Бемо совсем недурно обделывал там свои дела с тех пор, как был там Комендантом. Так как аппетит приходит обычно во время еды, он уже подготавливал огромное состояние, какое составил там позже, и грезил о титулах, что будут настолько же помпезными, насколько его сокровища будут громадными.
/Благородство Месье де Бемо./ Существовал в провинции один дом, носивший его имя, и он очень хотел сделаться ему родственником. Он не мог доказать свое происхождение, разве что со стороны Адама и Евы, если только ради приближения к нашему времени он не обратился бы к Ною, от кого уже он наверняка происходил, точно так же,
Прибыв в Бастилию, я показал мои приказы Бемо, дабы он распорядился открыть мне ворота.
/Бемо беспокоится и печалится./ Они совершенно не понравились ему по двум резонам; во-первых, он не должен был иметь никакого надзора над моим пленником, а главное — я привел ему туда малых, будто специально подобранных поближе ласкать Мадам де Бемо, если она соизволит им позволить это делать. Не существовало никакого подбородочника, когда бы даже он был двойным и еще более громадным, чем тот, что она носила, непроницаемого для их неутолимого аппетита. Все это были люди от девятнадцати до двадцати лет, то есть, чудесного возраста для служения Дамам, особенно когда они и не просят ничего иного, как перейти к делу. Хорошо еще, что ему оставили заботу о кухне; сто франков, предоставленные Суперинтенданту на ежедневные расходы, быть может, и утешили бы его за все остальное; но так как это мне надлежало его кормить, от страха, как бы ему не предъявили какой-нибудь иск за скудное питание, Бемо настолько загрустил в течение нескольких дней, что я почти уверился, будто он просто помрет от горя. Между тем, отобранные Комиссары собрались в Арсенале, и всему этому дали наименование Палаты Правосудия. Они были извлечены из множества Трибуналов, одни из одной провинции, другие из другой, как если бы в настоящее время стоял вопрос о суде над человеком, обворовавшим все Королевство, и потребовались люди ото всего Королевства, дабы его осудить.

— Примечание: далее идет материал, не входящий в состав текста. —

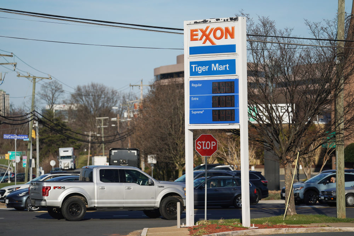 ↑3月12日,车辆停在美国弗吉尼亚州维也纳的一座加油站内。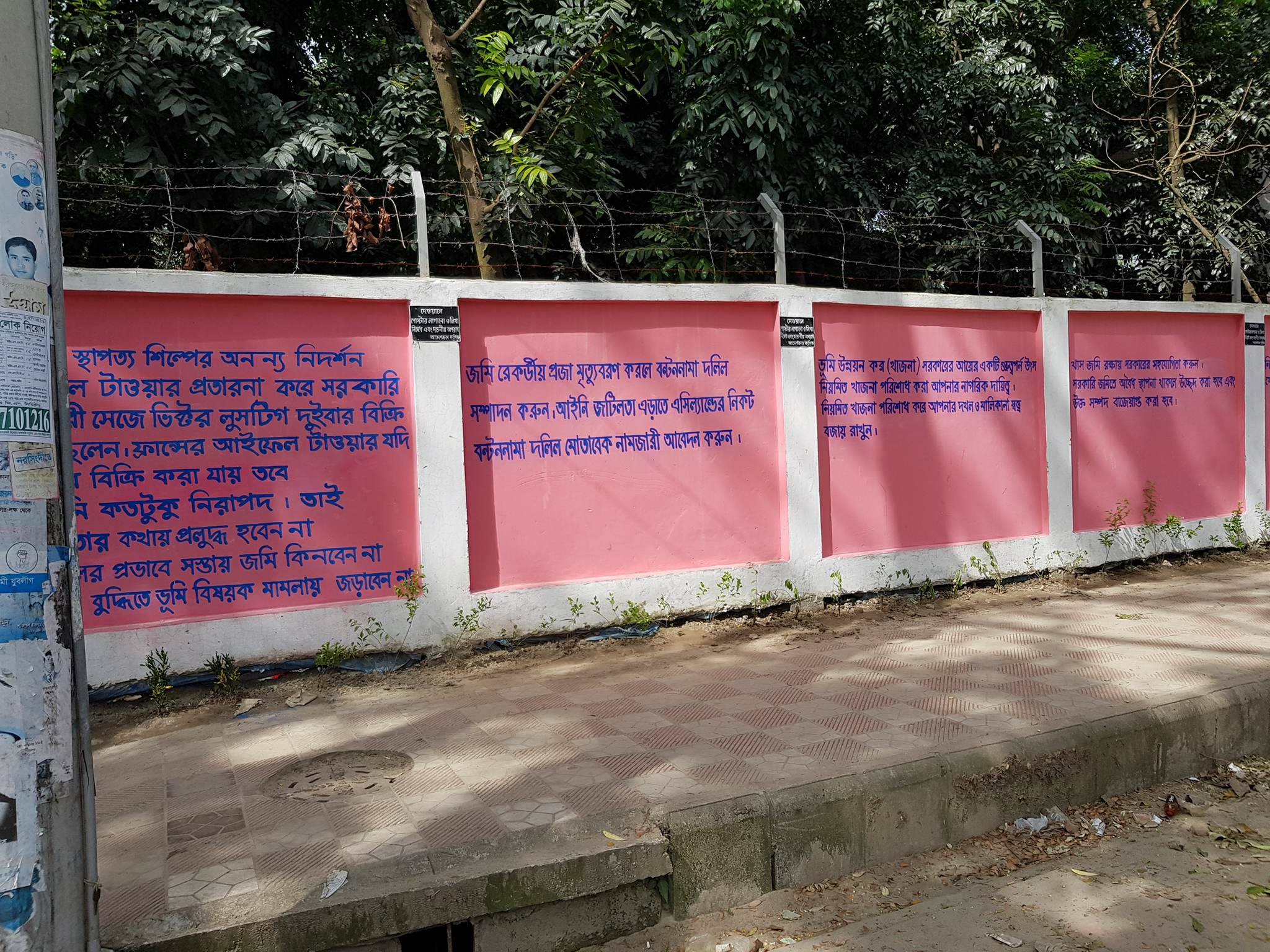 অফিসের বাউন্ডারী ওয়াল নির্মাণ করা হয়েছে দেয়ালে ভূমি সেবা সংক্রান্ত সচেতনতামূলক লেখনী দেওয়া আছে (ছবি সংযুক্ত)।

/Злосчастие финансистов…/ Король придал также власть этой Палате производить процессы над сторонниками, кого пожелали уничтожить из-за негодования населения, которое они жутко грабили, тогда как длилась война; а также они скопили несметные богатства; в том роде, что их расходами они вгоняли в стыд самих Принцев крови. Некоторые из них, предвидя эту бурю, не были столь безумны, чтобы поместить все, чем они владели, в замки, должности или Дворцы в Париже, как поступила большая их часть. Они, напротив, все их достояние вложили в добрые заемные письма; и так как они не были привязаны любовью к вещам, что сковывает обычно все вплоть до свободы человека, они удалились прочь из Королевства. Месье Кольбер начал принимать на себя заботу обо всем в тот же час, как был арестован Месье Фуке, и так как он происходил из довольно доброго семейства Горожан и имел родственников в Магистратуре, он большую их часть выдвинул в новую Палату, какую сам же недавно и сформировал. Он надеялся снискать себе этим честь и заставить их в то же время делать все, что он пожелает; честь в том смысле, в каком она начинает проявляться на мировой сцене; он прекрасно догадывался, что первое, чему найдут возражения в нем, как и на самом деле это не замедлило случиться, будет низменность его происхождения; повиновение в том смысле, что они будут опасаться, если воспротивятся его воле, как бы после их отбора на тот пост, до какого он их возвысил, он бы не спустил их с позором вниз, как недостойных его покровительства.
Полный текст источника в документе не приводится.